When you’ve filled out the entire grid, the answer should emerge: Why is there more food being returned to the kitchen than was originally served?

The foregoing exercise was actually just a mental warm-up for the next paradox: If Dovi doesn’t eat the potato kugel his mother makes, or either of his two grandmothers’, or the kugel in the school lunch program or any takeout kugel we’ve ever had, can he still claim to like potato kugel? Or is the claim unfalsifiable and therefore null?

My two-year-old, thankfully, is still untouched by the culture of food rejection around her. If it’s on Mommy or Totty’s plate, it has instant appeal. I know that her days are numbered, though.

At an age when her oldest brother had only just learned the word “wobbibop,” and his naive mother couldn’t figure out what he was plaintively requesting, Yehudis already has an impressive lexicon of different candy names and brands, and a two-year-old’s resourcefulness in procuring them.

When I was the proud mother of one 18-month-old, my more experienced older sister thought it was hilarious that I moved his booster seat to a different room so I could feed him grapes for Shabbos party while his older cousins ate Sour Sticks. “Don’t think that will last,” she warned me, but of course I knew better.

So today I’m here in a public forum to say, Sara, you were right.

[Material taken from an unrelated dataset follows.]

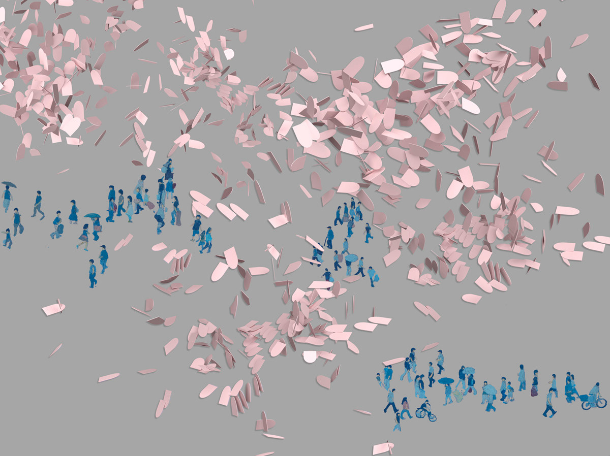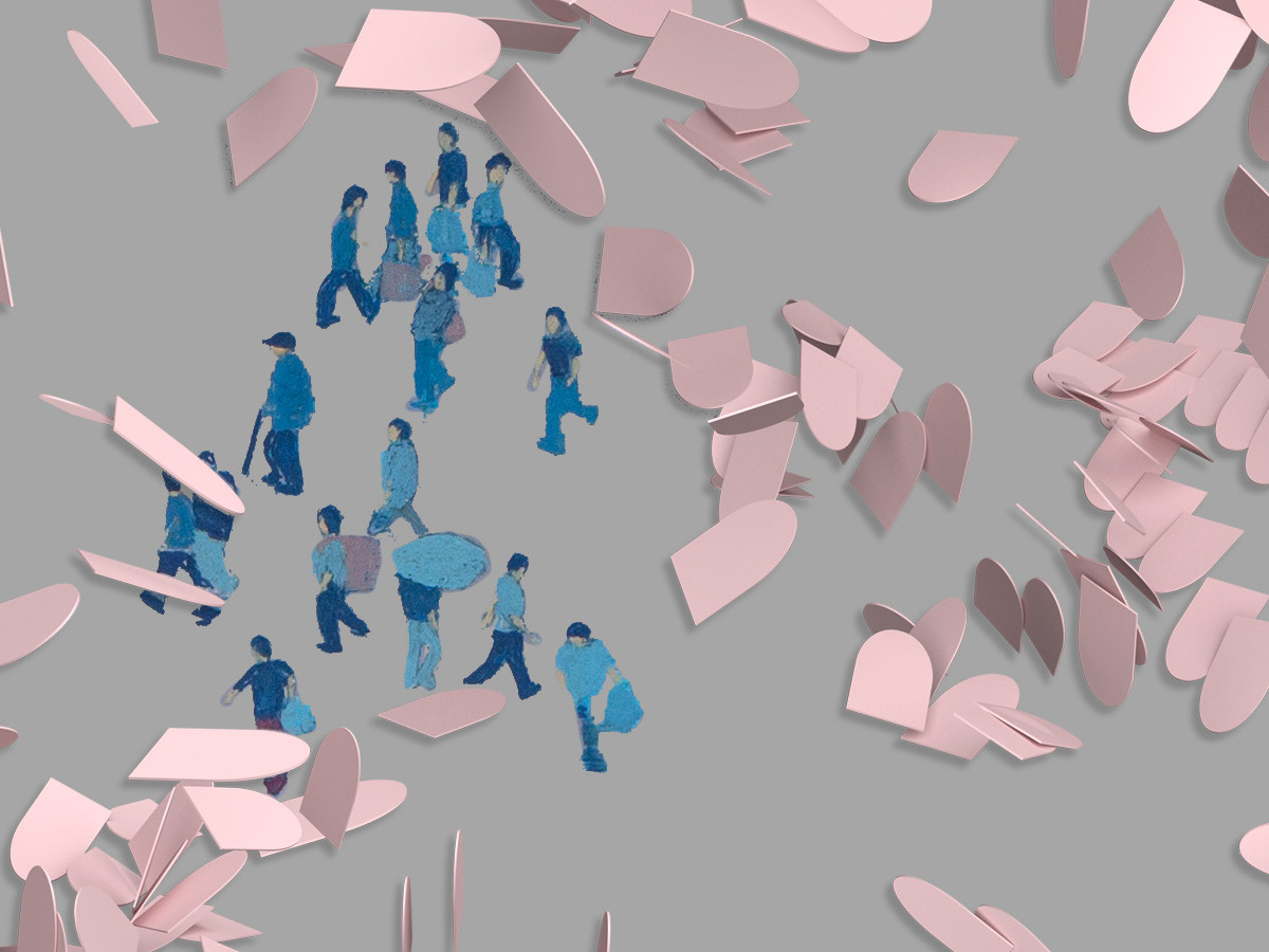 Wander Around #6, 40 by 30 inches, mixed media on canvas – acrylic paints and CGI digital

It didn’t last.

I am ready to cut a deal — a general amnesty. Nutritionists, recipe developers, sisters-in-law whose kids think kale chips are a treat: I will forgive your earnest but false assurances that my kids can learn to eat if I just have the right attitude.

Neighbors, friends, sisters-in-law whose kids regularly eat noodle soups for supper on random Tuesday nights and bring hot sauce potato chips to school for lunch: Please forgive me for any judgment, no matter how unconscious or private, I may have cast on your parenting.

Are your kids reasonably content? None suffering from malnutrition? Mom, you’re doing great.